* **Input**:
Segment Open

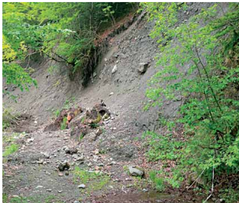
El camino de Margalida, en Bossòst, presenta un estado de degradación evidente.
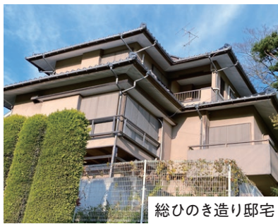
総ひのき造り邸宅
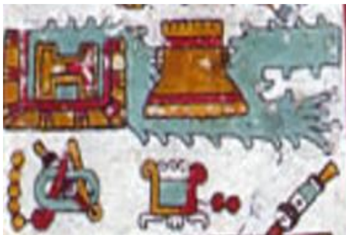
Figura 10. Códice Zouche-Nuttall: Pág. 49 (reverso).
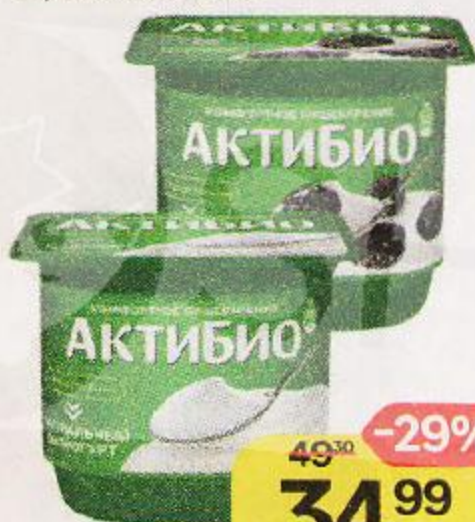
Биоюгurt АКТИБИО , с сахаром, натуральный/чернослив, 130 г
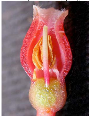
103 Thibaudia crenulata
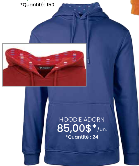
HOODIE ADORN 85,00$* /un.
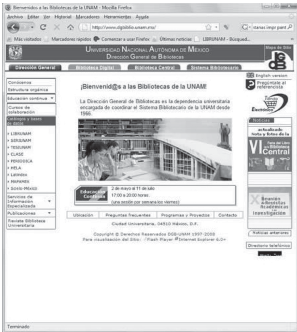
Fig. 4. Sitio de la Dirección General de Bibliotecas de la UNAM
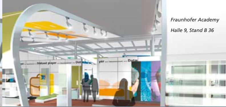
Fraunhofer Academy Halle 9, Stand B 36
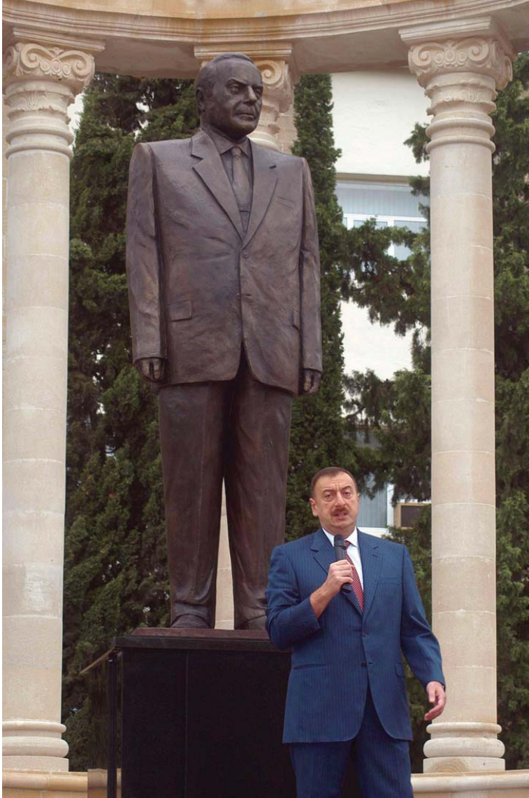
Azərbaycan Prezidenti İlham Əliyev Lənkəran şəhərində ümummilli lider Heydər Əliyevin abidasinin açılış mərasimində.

Segment Closed
Segment Open

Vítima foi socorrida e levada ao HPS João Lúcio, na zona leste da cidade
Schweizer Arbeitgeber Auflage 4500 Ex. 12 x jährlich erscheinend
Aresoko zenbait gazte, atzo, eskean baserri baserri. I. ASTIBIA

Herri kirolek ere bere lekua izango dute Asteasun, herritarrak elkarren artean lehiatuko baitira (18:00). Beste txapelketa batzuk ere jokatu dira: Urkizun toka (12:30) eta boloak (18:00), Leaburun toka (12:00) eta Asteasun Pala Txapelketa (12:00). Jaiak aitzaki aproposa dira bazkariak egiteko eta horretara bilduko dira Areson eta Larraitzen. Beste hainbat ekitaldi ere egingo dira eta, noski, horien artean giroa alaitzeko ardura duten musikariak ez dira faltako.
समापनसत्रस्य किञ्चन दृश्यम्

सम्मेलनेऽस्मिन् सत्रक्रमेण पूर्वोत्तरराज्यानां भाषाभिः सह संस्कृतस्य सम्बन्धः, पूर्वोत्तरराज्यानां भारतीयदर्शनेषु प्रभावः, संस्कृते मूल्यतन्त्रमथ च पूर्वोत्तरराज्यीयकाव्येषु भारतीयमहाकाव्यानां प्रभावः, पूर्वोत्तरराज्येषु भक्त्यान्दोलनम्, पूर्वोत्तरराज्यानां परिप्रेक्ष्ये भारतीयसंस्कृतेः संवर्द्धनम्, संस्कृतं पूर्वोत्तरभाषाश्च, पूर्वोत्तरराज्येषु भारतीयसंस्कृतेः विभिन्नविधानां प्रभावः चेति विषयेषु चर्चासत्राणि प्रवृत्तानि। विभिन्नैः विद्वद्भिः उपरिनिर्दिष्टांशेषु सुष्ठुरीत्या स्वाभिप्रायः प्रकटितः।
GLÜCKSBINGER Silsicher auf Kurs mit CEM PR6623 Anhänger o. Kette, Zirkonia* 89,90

Segment Closed
Segment Open

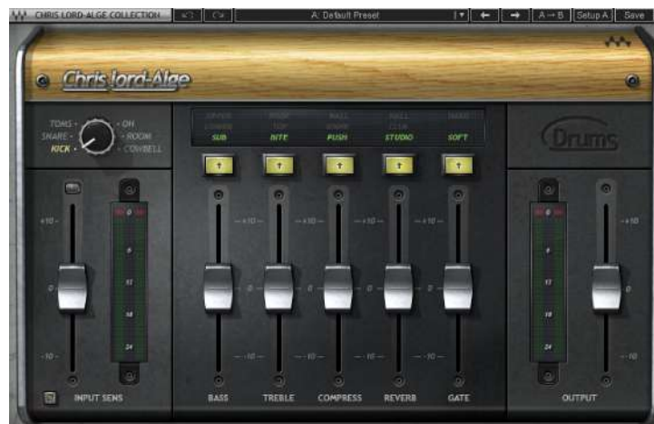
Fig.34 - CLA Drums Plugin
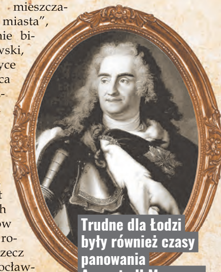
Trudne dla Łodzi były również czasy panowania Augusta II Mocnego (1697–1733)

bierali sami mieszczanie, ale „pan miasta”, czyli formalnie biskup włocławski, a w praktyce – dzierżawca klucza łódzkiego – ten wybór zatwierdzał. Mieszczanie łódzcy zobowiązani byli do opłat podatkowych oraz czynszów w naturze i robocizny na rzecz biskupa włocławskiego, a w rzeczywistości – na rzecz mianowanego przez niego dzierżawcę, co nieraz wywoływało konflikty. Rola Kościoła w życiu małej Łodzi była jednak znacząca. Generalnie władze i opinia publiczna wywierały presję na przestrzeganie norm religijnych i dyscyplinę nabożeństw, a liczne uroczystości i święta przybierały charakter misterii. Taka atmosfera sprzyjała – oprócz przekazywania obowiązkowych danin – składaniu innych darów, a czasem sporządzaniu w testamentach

Segment Closed

Every line from the line containing "Vítima foi socorrida" through the line containing "GLÜCKSBINGER Silsicher auf" in the records above must be retyped exactly. Leave out the rest.

Vítima foi socorrida e levada ao HPS João Lúcio, na zona leste da cidade
Schweizer Arbeitgeber Auflage 4500 Ex. 12 x jährlich erscheinend
Aresoko zenbait gazte, atzo, eskean baserri baserri. I. ASTIBIA

Herri kirolek ere bere lekua izango dute Asteasun, herritarrak elkarren artean lehiatuko baitira (18:00). Beste txapelketa batzuk ere jokatu dira: Urkizun toka (12:30) eta boloak (18:00), Leaburun toka (12:00) eta Asteasun Pala Txapelketa (12:00). Jaiak aitzaki aproposa dira bazkariak egiteko eta horretara bilduko dira Areson eta Larraitzen. Beste hainbat ekitaldi ere egingo dira eta, noski, horien artean giroa alaitzeko ardura duten musikariak ez dira faltako.
समापनसत्रस्य किञ्चन दृश्यम्

सम्मेलनेऽस्मिन् सत्रक्रमेण पूर्वोत्तरराज्यानां भाषाभिः सह संस्कृतस्य सम्बन्धः, पूर्वोत्तरराज्यानां भारतीयदर्शनेषु प्रभावः, संस्कृते मूल्यतन्त्रमथ च पूर्वोत्तरराज्यीयकाव्येषु भारतीयमहाकाव्यानां प्रभावः, पूर्वोत्तरराज्येषु भक्त्यान्दोलनम्, पूर्वोत्तरराज्यानां परिप्रेक्ष्ये भारतीयसंस्कृतेः संवर्द्धनम्, संस्कृतं पूर्वोत्तरभाषाश्च, पूर्वोत्तरराज्येषु भारतीयसंस्कृतेः विभिन्नविधानां प्रभावः चेति विषयेषु चर्चासत्राणि प्रवृत्तानि। विभिन्नैः विद्वद्भिः उपरिनिर्दिष्टांशेषु सुष्ठुरीत्या स्वाभिप्रायः प्रकटितः।
GLÜCKSBINGER Silsicher auf Kurs mit CEM PR6623 Anhänger o. Kette, Zirkonia* 89,90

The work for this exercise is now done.